Still, what’s going on now marks a major turnaround for Florida, said Jacob. Just seven years ago, “Florida was not living up to its Sunshine State moniker. They have really come a long way.”

Florida’s utilities are now generating 9 gigawatts of solar power, he said. In case you see that sentence and say, “What the watt?” I will explain. A watt is a measure of power. There are 1 billion watts in 1 gigawatt. You can power about 750,000 homes with 1 gigawatt, so with 9 you can run nearly 7 million.

Not just the IRA

I assumed the reason for all this sun-worshipping construction work was the federal Inflation Reduction Act. It provides more than $369 billion in clean energy incentives — ironically, many in the districts of Republicans who voted against the law.

But Fenton and Jacob cited other factors too. Fenton, the UCF solar expert, told me it’s partly because of rules — or lack of them — from the Florida Public Service Commission, the little-known state agency that’s in charge of utility regulation.

“The PSC allows them to build 75-megawatt solar fields without first proving there’s a need for them,” he explained. “There’s a lot less paperwork that way, and the utilities can strategically place them wherever they can find cheap real estate.”

The farm I saw was Duke Energy’s Winquepin Renewable Energy Center, which was built on nearly 530 acres in Madison County. It uses its 220,000 solar panels to generate 74.9 megawatts per day — just a hair under 75. Duke says that’s producing enough emissions-free electricity to supply nearly 23,000 households.

Now multiply that by similarly sized solar farms in Santa Rosa County, Walton County, Calhoun County, Clay County, Suwanee County, Baker County, DeSoto County, Union County and so on. While building them requires hundreds of workers, they operate with a tiny staff, which saves money for the customers.

Fenton added that, while our state officials are turning their backs on clean energy and the battle against climate change, the state’s utilities are definitely not.

“They all have set sustainability goals,” he told me.

That’s a standard corporate practice these days, because such goals can lead to cost reductions, increased revenue and other good stuff for the stockholders.

Jacob, the solar power expert for the Southern Alliance for Clean Energy, said the utilities are pursuing sun power so hotly because it makes economic sense. They’re looking at the bottom line, not the horizon line.

“Public officials don’t embrace this agenda,” he said, “but so much of this is driven by market forces.
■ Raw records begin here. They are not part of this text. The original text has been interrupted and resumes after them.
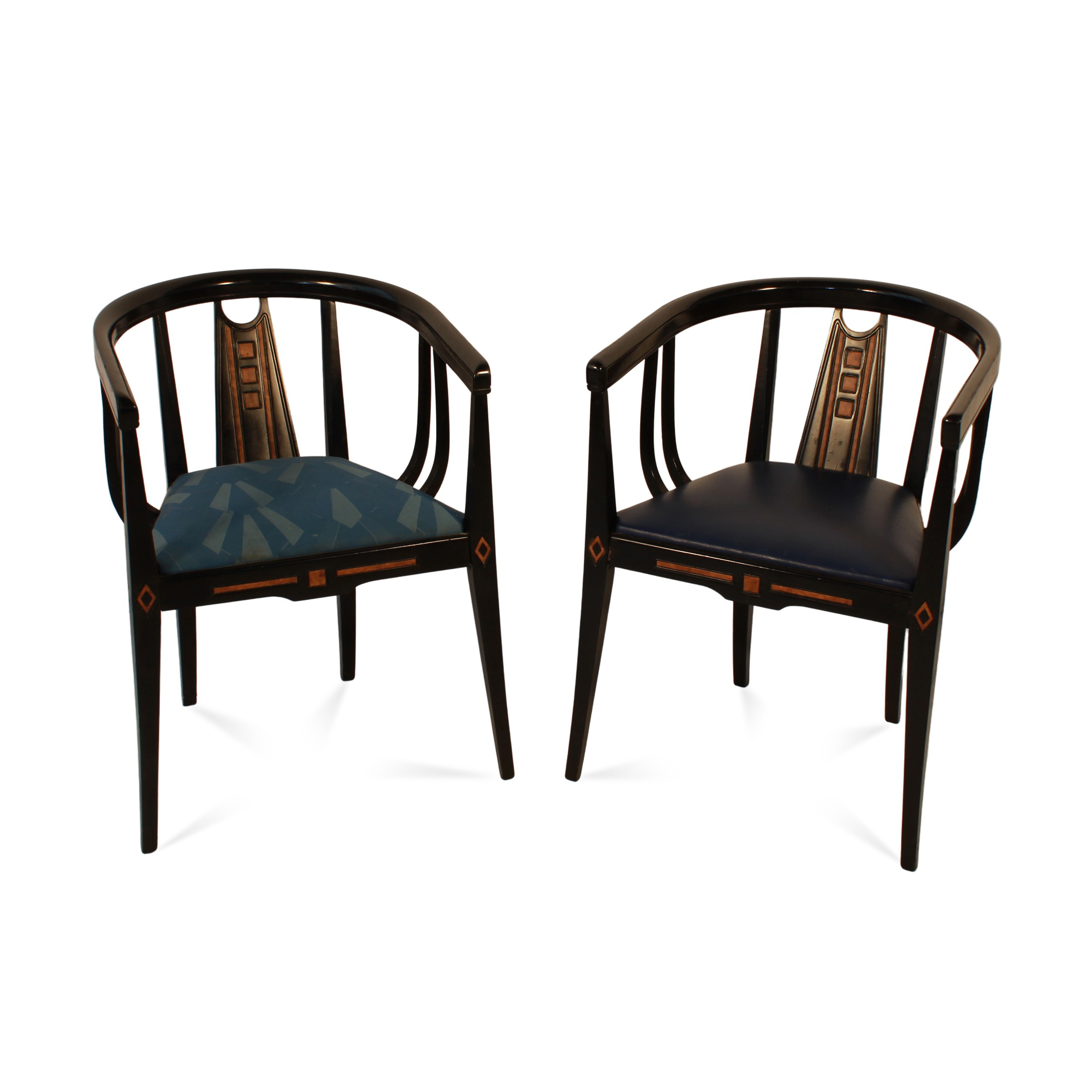 due sedie in legno: una con seduta in tessuto, una con seduta in ecopelle
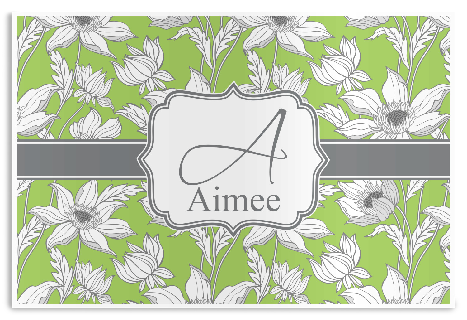Sketches of long stem white daisies outlined in gray spring to life up against a green background. A white trimmed gray ribbon coordinates with a decorative label to showcase the personalization of your choice.
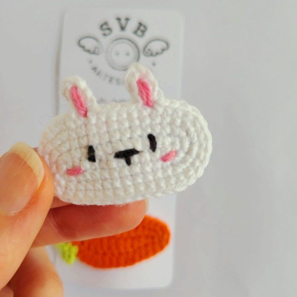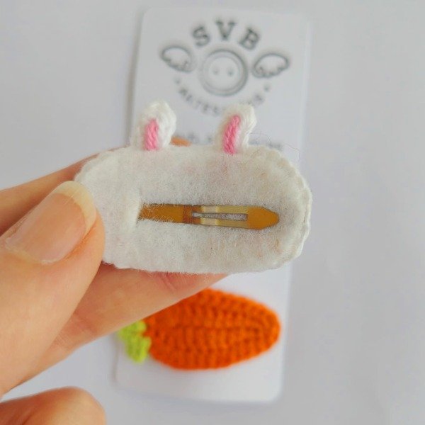 Par de hebillas para el pelo de conejito blanco y zanahoria tejidas a crochet. Ideales para niñas. Medidas de cada hebilla: 5 cm x 3 cm.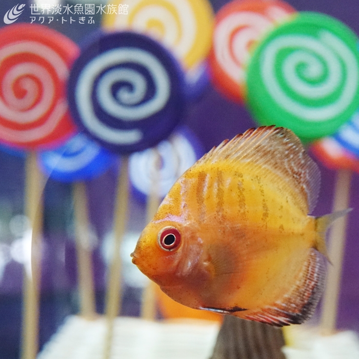 ペロペロキャンディをイメージしたのは、円盤のような形をしたディスカスの仲間です。体の縞模様はキャンディのうずまき模様にも似ています。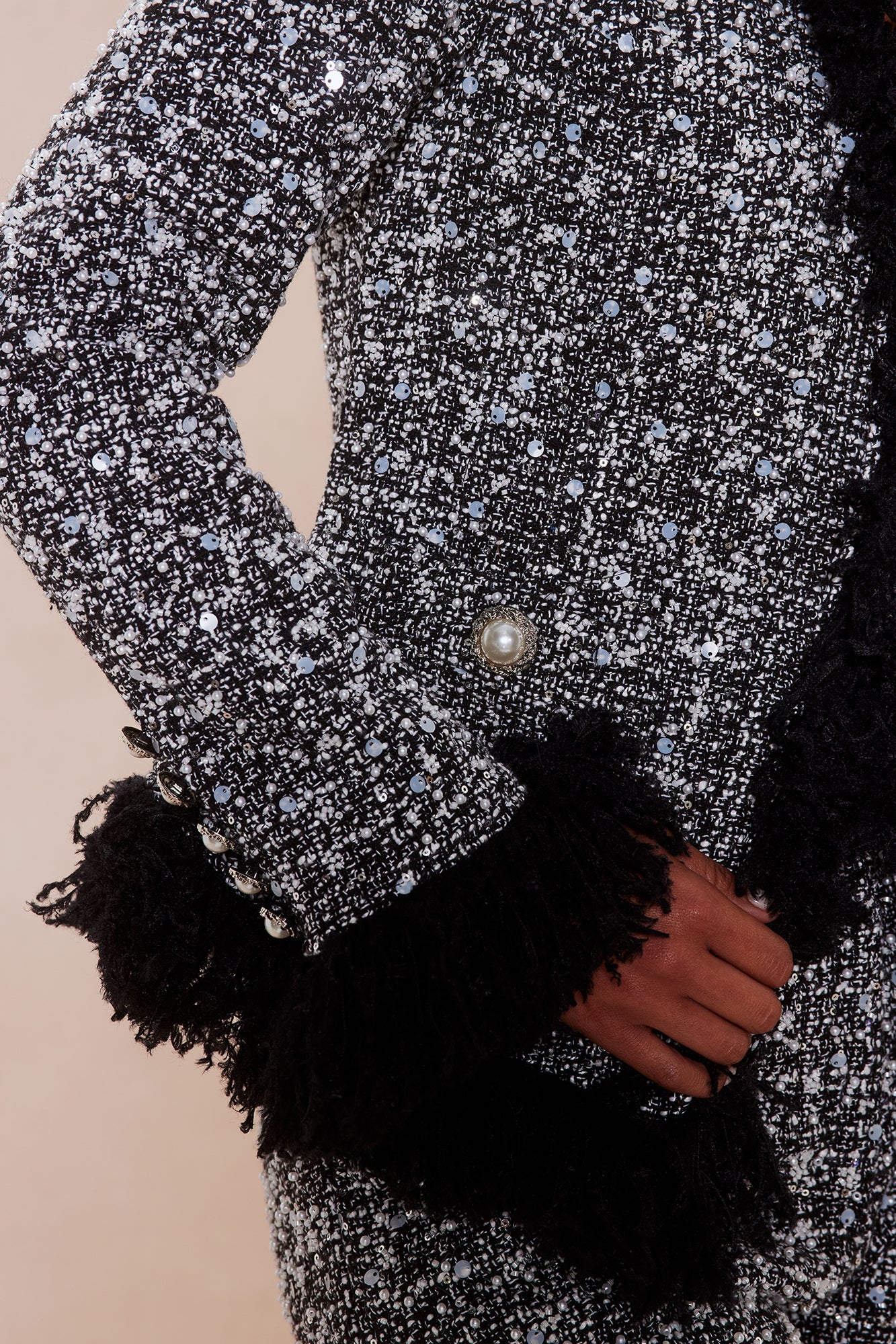 Christie Embellished Tweed Fringe Jacket - Black/White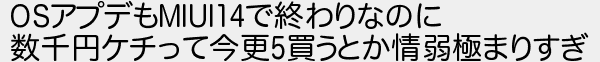471: (アウアウウー Sac7-dh2Z) [sage] 2023/08/15(火) 19:38:02.03 ID:GPiZCcPxa OSアプデもMIUI14で終わりなのに 数千円ケチって今更5買うとか情弱極まりすぎ http://egg.5ch.io/test/read.cgi/android/1663291810/471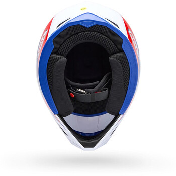 - Visière motocross Flying Bridge™ (type casquette) améliorant la circulation de l'air et permettant une meilleure gestion de l'énergie en cas d'impact.

The utilities have seen the costs decrease and the technology improve over the last five years.”

Chasing the sun

The utilities are happy to talk about their large investment in lots of little solar energy farms.

Florida Power & Light, for instance, has the largest array of solar plants in the country. It has opened 78 solar centers in Florida to generate about 5,700 megawatts of power for 31 of Florida’s 67 counties.

“Solar energy is the most cost-effective source of new power generation we can invest in on behalf of our customers, saving customers’ money by helping remove fuel costs from energy bills,” FPL spokesperson Chris Curtland told me. ”These investments have saved customers more than $900 million in avoided fuel costs since 2009, with more than $500 million in savings in the last two years.”

How dedicated is FPL to chasing the sun? Jacob said that after the company bought Gulf Power in the Panhandle, FPL built a 160-mile transmission line from North Florida to its main customers in South Florida. Now it can harvest the rays of the setting sun later in the afternoons and shoot the power down to millions of people who live where dusk has already settled in.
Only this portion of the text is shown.